Hezbollah's Al-Manar television said the envoys arriving in Lebanon are coming for a "clear-cut objective to give more time for enemy aircraft to carry out more destruction and devastation so that someone can raise the banner of surrender."

The guerrilla group remains that it wants an unconditional cease-fire. Al-Manar said it will continue to fire rockets on Israel, warning: "This is the beginning. Beware of our cyclone."

Earlier, a new round of rocket attacks showered several northern Israeli cities, hitting several targets including a hospital and shattering a brief lull in a day fraught with violence.

Guerrillas launched rockets from southern Lebanon striking near a hospital in Safed, the city of Haifa and the border town of Kiryat Shemona, according to Israeli security officials. There were no immediate reports of injuries.

Earlier, Prime Minister Ehud Olmert said Monday the fighting in Lebanon would end when Hezbollah guerrillas freed two captured soldiers, rocket attacks on Israel stopped and the Lebanese army deployed along the border.

Elsewhere in the conflict:

• Tel Aviv residents are placed on alert.

• The father of an Israeli soldier kidnapped by Lebanese guerrillas pleads to his captors for a sign that his son is still alive.

• U.N. Security Council awaits return of U.N. mission to the region.

• German deputy foreign minister says Israel's attacks on Beirut reduce Lebanon's ability to reign in Hezbollah.

• Israeli warplanes bomb the Palestinian Foreign Ministry for a second time.

• World leaders consider international peacekeepers to address Middle East violence.

• The Iranian foreign minister says cease-fire, prisoner swap would be acceptable to end current conflict.

• The leaders of the Group of Eight call for the end to violence in the Middle East.

In his first address to the Knesset since the nation began an offensive against Hezbollah six days ago, Olmert pledged that Israel would "not be a hostage" to terrorists and the fight was one "for the right to live a normal life."

"When missiles are launched at our residents and our towns, our answer will be war waged at full strength, with all determination, courage and sacrifice," he said after a day of attacks on the Lebanese border, including a hail of Lebanese-fired rockets raining down on the northern Israeli city of Haifa.

"We are not looking for war or direct conflict, but if necessary we will not be frightened by it," he added.

An airstrike in Lebanon destroyed at least one long-range Iranian missile capable of hitting Tel Aviv, Israeli military officials said.

Israeli aircraft targeted a truck carrying the weapons before they could be launched, the officials said speaking on the condition of anonymity because of military regulations.

Earlier Israeli bulldozers protected by tanks entered Lebanon to knock out Hezbollah-controlled buildings and guerrilla holdouts, an Israeli Defense Forces (IDF) spokesperson said.

Three U.S. military helicopters were being used to transport Americans from Beirut to Cyprus, with more expected to arrive Tuesday, Pentagon spokesman Bryan Whitman told FOX News.
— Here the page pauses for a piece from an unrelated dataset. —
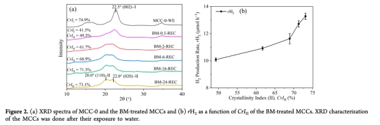 2. 纖維素II型比例(CrIII)與H?產(chǎn)率(rH?)正相關(guān),歸因于其疏松晶格結(jié)構(gòu)提升水解效率。

A Greek ship, the Orient Queen, was set to arrive Tuesday to ferry people from Lebanon to Cyprus; it will travel under U.S. Naval escort, if necessary, Whitman said.

Lebanese television broadcast video of what it said was an Israeli F-16 being shot out of the sky. But the IDF denied that any of their aircraft had been shot down.
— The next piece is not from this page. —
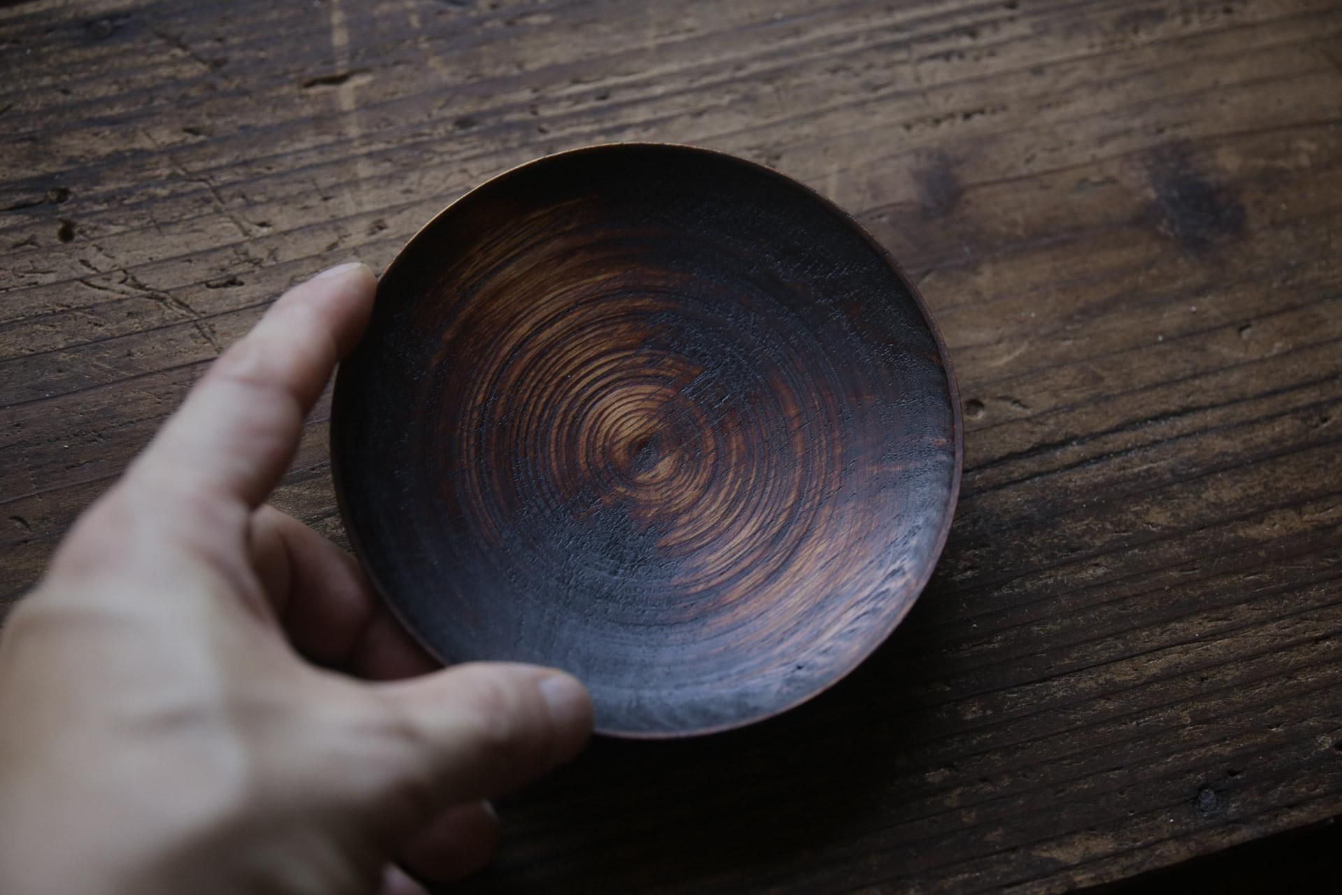 椎の木を削り出し、拭き漆で仕上げたお皿になります。

Israel "is actually doing its work in the war against terror," Dan Gillerman told FOX News. Gillerman, the Israeli ambassador to the U.N., likened Hezbollah to a cancer in the body of Lebanon.

"If we succeed in removing Hezbollah and disarming Hezbollah, Lebanon will be better off, the region will be better off and the whole world will be better off," Gillerman said.

At least six people were injured, including one seriously, when Hezbollah rockets caused a building to partially collapse in Haifa, Israel's third-largest city.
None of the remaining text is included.